━━━━━ STORED DATA

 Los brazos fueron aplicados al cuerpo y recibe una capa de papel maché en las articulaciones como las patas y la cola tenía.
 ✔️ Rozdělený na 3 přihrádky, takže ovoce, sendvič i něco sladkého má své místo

━━━━━━━━━━
━━━━━ STORED DATA

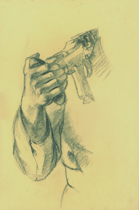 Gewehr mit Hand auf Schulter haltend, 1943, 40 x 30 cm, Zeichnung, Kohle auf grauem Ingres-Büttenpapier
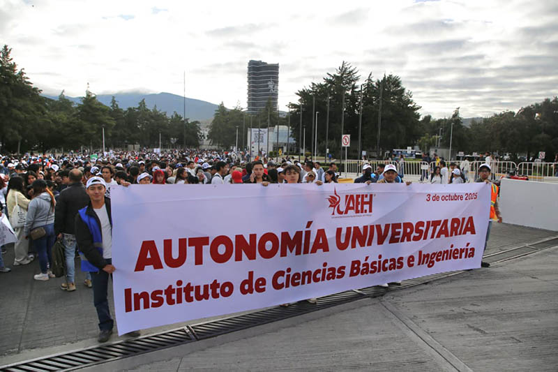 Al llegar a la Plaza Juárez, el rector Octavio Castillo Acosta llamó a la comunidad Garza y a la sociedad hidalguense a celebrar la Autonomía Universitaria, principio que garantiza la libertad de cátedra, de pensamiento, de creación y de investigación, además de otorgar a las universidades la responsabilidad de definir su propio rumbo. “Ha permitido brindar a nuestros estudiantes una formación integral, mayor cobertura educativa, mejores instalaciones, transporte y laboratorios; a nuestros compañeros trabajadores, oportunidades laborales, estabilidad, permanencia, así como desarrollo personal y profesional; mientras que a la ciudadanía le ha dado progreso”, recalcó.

━━━━━━━━━━
━━━━━ STORED DATA

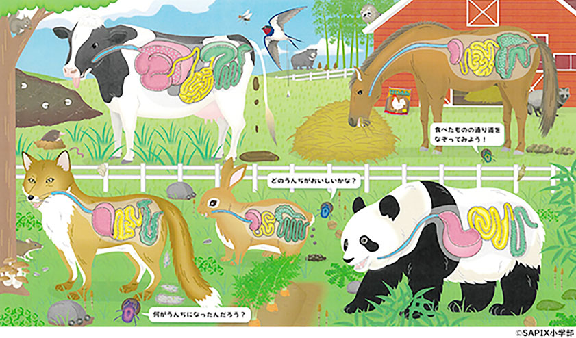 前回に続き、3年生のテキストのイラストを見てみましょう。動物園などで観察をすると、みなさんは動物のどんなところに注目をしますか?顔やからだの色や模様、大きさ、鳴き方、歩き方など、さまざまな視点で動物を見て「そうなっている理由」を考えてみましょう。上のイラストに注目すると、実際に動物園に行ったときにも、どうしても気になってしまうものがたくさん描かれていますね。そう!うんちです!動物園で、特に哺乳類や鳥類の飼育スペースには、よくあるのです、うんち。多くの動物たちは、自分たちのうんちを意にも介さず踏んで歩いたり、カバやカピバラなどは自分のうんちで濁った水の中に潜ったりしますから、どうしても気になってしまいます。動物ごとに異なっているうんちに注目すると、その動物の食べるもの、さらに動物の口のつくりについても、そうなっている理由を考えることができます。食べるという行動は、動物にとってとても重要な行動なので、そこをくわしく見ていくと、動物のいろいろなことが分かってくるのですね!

━━━━━━━━━━

## TASK BRIEF
Each line in the listing above from the one containing "Los brazos fueron" through the one containing "má své místo" should be repeated exactly, and no other line.

## OUTPUT BELOW
 Los brazos fueron aplicados al cuerpo y recibe una capa de papel maché en las articulaciones como las patas y la cola tenía.
 ✔️ Rozdělený na 3 přihrádky, takže ovoce, sendvič i něco sladkého má své místo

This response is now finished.